Assigned task:
Copy out the whole listing exactly as written, leaving the pictures behind.

Data section:

################

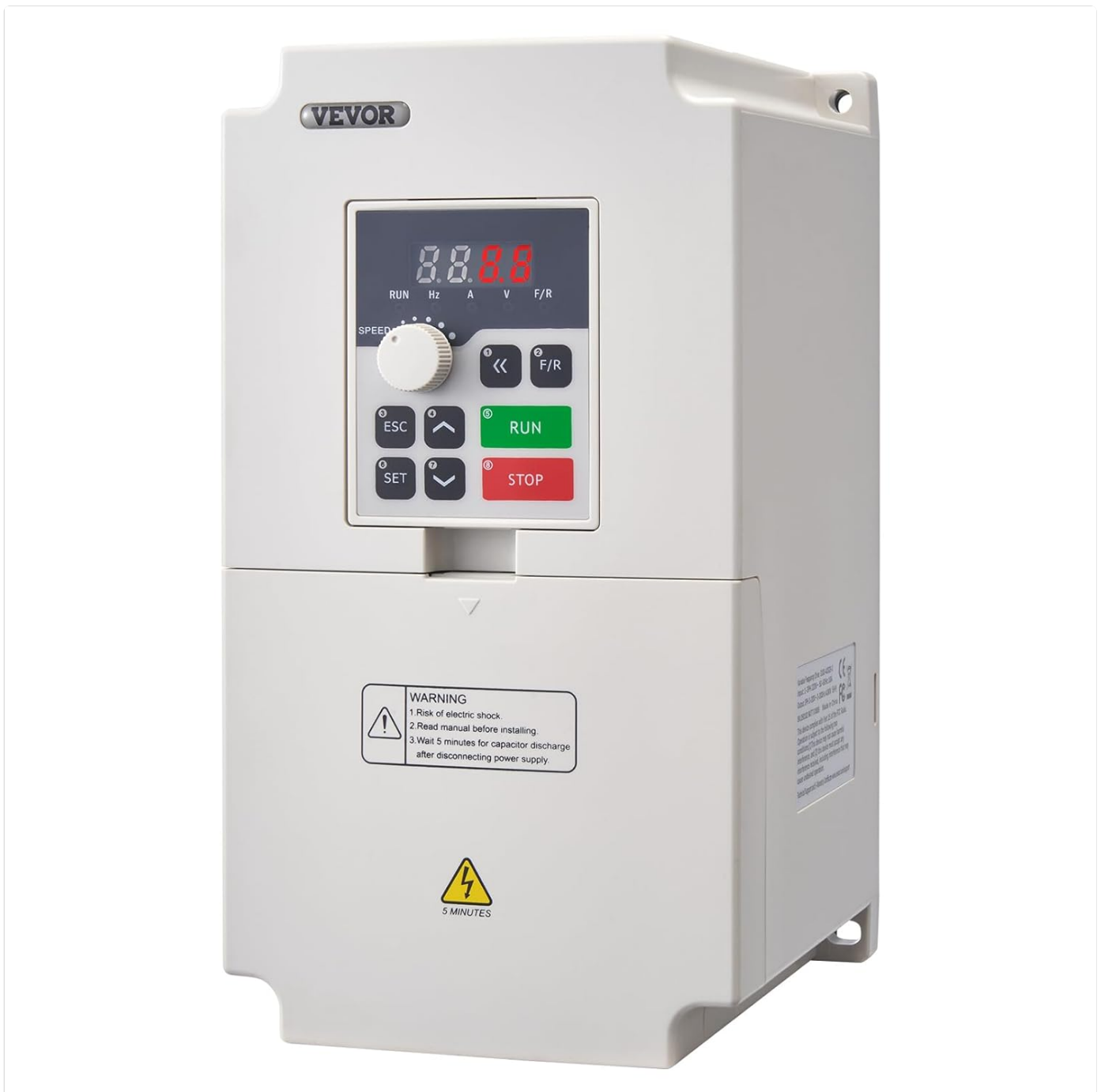
Front view of the VEVOR Frequency Inverter, showcasing its compact design and control panel.
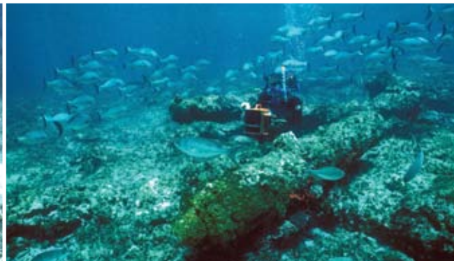
Anchor, hull and cannon from the Batavia .
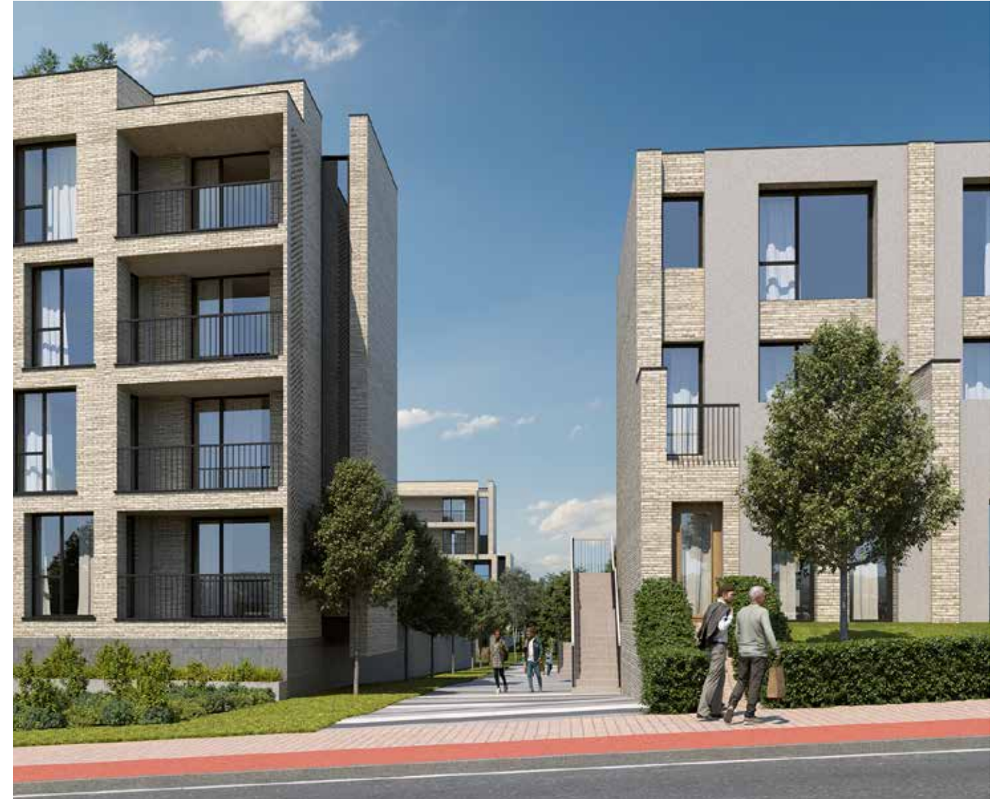
PEDESTRIAN WALKWAY BETWEEN TOWN HOUSES & APARTMENT

################

Task response:
Front view of the VEVOR Frequency Inverter, showcasing its compact design and control panel.
Anchor, hull and cannon from the Batavia .
PEDESTRIAN WALKWAY BETWEEN TOWN HOUSES & APARTMENT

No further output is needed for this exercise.